__Task instructions__. Under this line is a listing; return exactly the lines starting at the one with "สำนักงานทรัพยากรน้ำที่ 9 ร่วมกับสำนักงานทรัพยากรน้ำที่" and running down to the one with "Kệ để dép chữ", and leave out its pictures.

__Provided information__.
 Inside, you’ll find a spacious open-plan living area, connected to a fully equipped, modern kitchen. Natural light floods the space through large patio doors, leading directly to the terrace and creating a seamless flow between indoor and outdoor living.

...

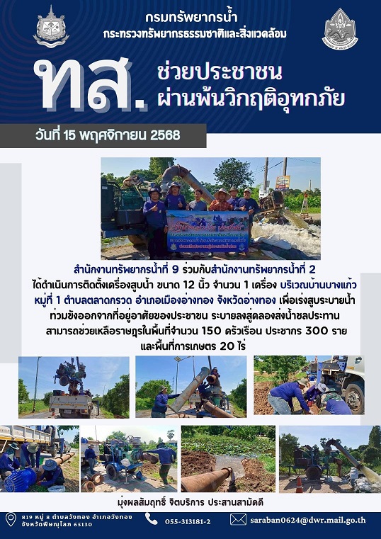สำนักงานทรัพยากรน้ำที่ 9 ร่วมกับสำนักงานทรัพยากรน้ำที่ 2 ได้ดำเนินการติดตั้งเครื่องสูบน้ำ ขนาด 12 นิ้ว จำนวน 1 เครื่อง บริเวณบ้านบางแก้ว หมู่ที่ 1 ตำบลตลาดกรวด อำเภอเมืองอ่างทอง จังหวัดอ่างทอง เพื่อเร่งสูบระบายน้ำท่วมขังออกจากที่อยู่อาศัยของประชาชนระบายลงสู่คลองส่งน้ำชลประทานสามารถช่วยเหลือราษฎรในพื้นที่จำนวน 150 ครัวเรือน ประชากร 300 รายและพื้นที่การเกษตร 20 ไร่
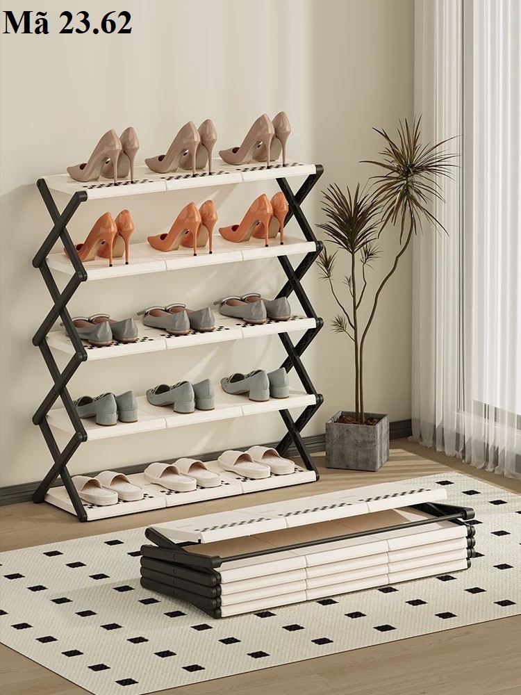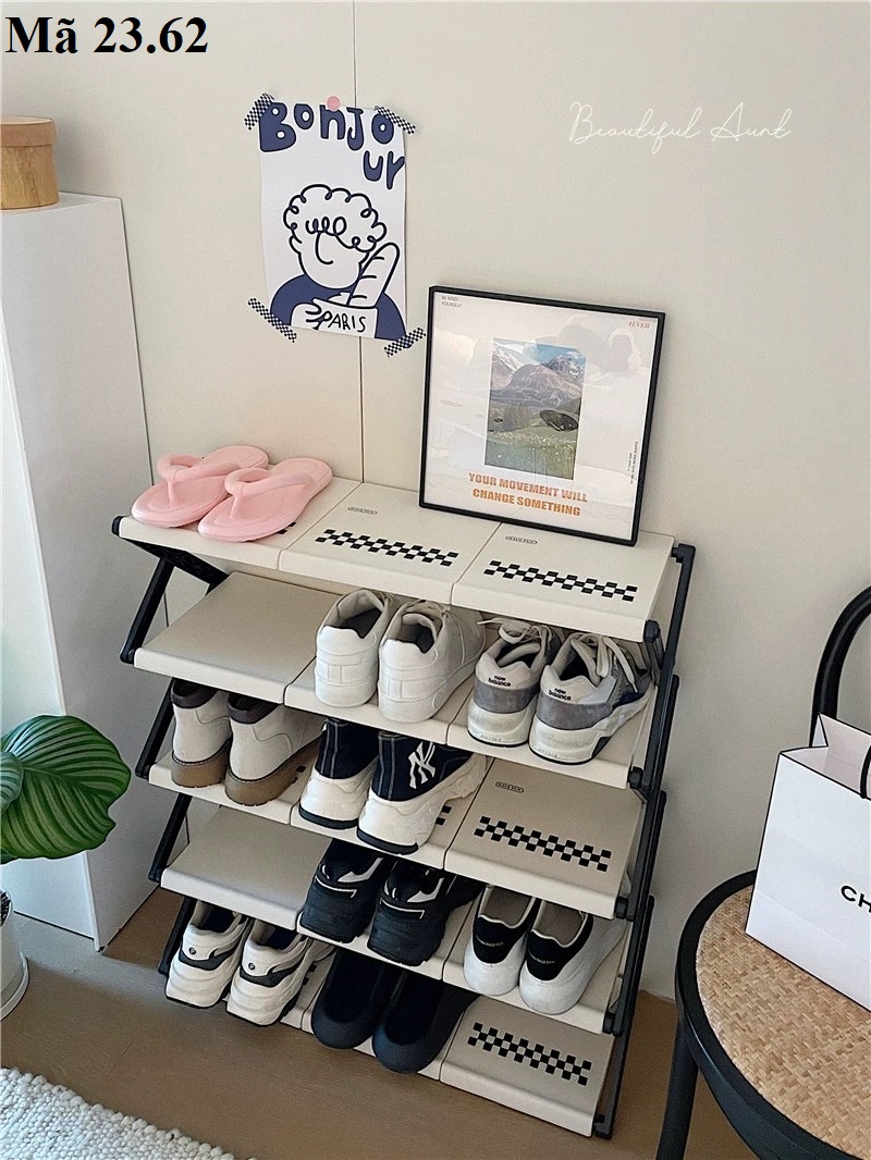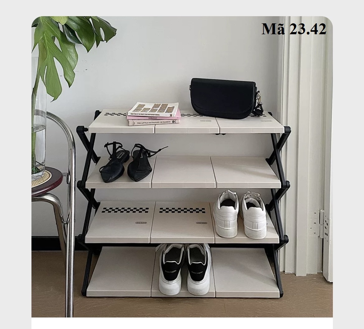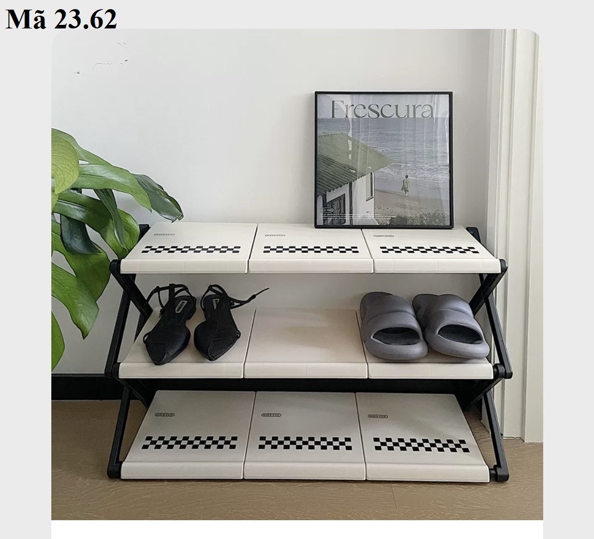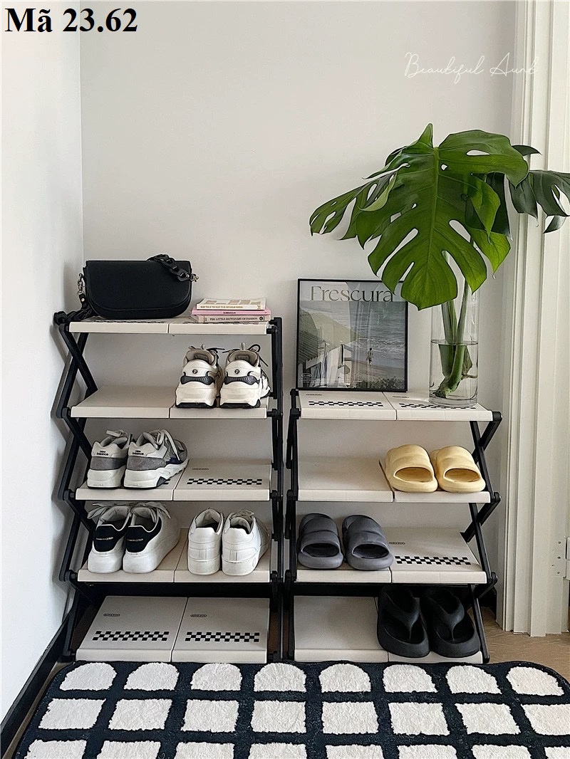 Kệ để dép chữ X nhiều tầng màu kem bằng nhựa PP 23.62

__Written response__.
สำนักงานทรัพยากรน้ำที่ 9 ร่วมกับสำนักงานทรัพยากรน้ำที่ 2 ได้ดำเนินการติดตั้งเครื่องสูบน้ำ ขนาด 12 นิ้ว จำนวน 1 เครื่อง บริเวณบ้านบางแก้ว หมู่ที่ 1 ตำบลตลาดกรวด อำเภอเมืองอ่างทอง จังหวัดอ่างทอง เพื่อเร่งสูบระบายน้ำท่วมขังออกจากที่อยู่อาศัยของประชาชนระบายลงสู่คลองส่งน้ำชลประทานสามารถช่วยเหลือราษฎรในพื้นที่จำนวน 150 ครัวเรือน ประชากร 300 รายและพื้นที่การเกษตร 20 ไร่
 Kệ để dép chữ X nhiều tầng màu kem bằng nhựa PP 23.62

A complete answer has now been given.